* **Work instruction**
Only one stretch of the data is wanted: the line containing "A statement knit", the line containing "In einem lässigen, mutigen", and every line between them, copied exactly.

* **The records**
++++++++++++++++++++
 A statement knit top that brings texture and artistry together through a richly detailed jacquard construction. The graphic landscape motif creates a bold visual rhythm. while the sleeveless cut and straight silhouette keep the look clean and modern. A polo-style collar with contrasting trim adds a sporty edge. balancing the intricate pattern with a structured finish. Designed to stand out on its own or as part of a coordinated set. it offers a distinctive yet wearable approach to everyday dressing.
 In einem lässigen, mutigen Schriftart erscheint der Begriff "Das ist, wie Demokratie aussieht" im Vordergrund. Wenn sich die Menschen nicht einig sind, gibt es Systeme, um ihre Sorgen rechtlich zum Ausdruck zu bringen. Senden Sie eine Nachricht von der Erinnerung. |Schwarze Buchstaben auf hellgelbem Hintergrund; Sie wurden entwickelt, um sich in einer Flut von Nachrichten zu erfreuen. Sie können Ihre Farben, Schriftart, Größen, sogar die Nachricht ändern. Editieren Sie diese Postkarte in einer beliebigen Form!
++++++++++++++++++++
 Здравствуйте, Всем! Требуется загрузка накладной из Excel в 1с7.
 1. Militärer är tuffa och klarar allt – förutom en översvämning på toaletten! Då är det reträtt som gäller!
++++++++++++++++++++
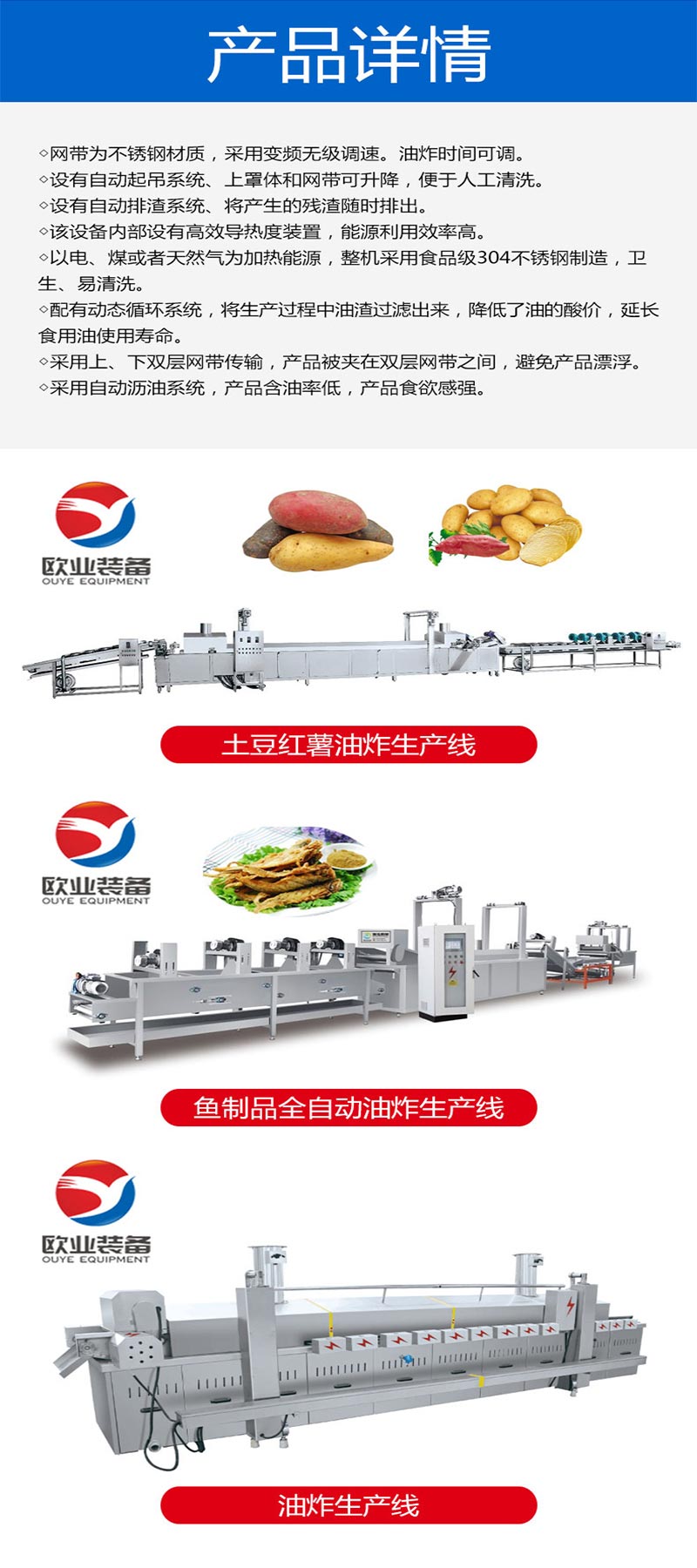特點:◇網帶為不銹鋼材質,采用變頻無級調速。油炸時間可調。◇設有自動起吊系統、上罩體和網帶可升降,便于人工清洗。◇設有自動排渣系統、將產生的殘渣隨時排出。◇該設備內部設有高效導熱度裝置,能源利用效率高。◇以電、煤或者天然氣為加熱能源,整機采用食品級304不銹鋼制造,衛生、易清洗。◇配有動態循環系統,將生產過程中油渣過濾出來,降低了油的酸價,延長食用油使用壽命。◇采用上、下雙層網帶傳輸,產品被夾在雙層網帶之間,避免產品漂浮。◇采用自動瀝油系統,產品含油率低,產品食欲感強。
++++++++++++++++++++
* **Problem solution**
 A statement knit top that brings texture and artistry together through a richly detailed jacquard construction. The graphic landscape motif creates a bold visual rhythm. while the sleeveless cut and straight silhouette keep the look clean and modern. A polo-style collar with contrasting trim adds a sporty edge. balancing the intricate pattern with a structured finish. Designed to stand out on its own or as part of a coordinated set. it offers a distinctive yet wearable approach to everyday dressing.
 In einem lässigen, mutigen Schriftart erscheint der Begriff "Das ist, wie Demokratie aussieht" im Vordergrund. Wenn sich die Menschen nicht einig sind, gibt es Systeme, um ihre Sorgen rechtlich zum Ausdruck zu bringen. Senden Sie eine Nachricht von der Erinnerung. |Schwarze Buchstaben auf hellgelbem Hintergrund; Sie wurden entwickelt, um sich in einer Flut von Nachrichten zu erfreuen. Sie können Ihre Farben, Schriftart, Größen, sogar die Nachricht ändern. Editieren Sie diese Postkarte in einer beliebigen Form!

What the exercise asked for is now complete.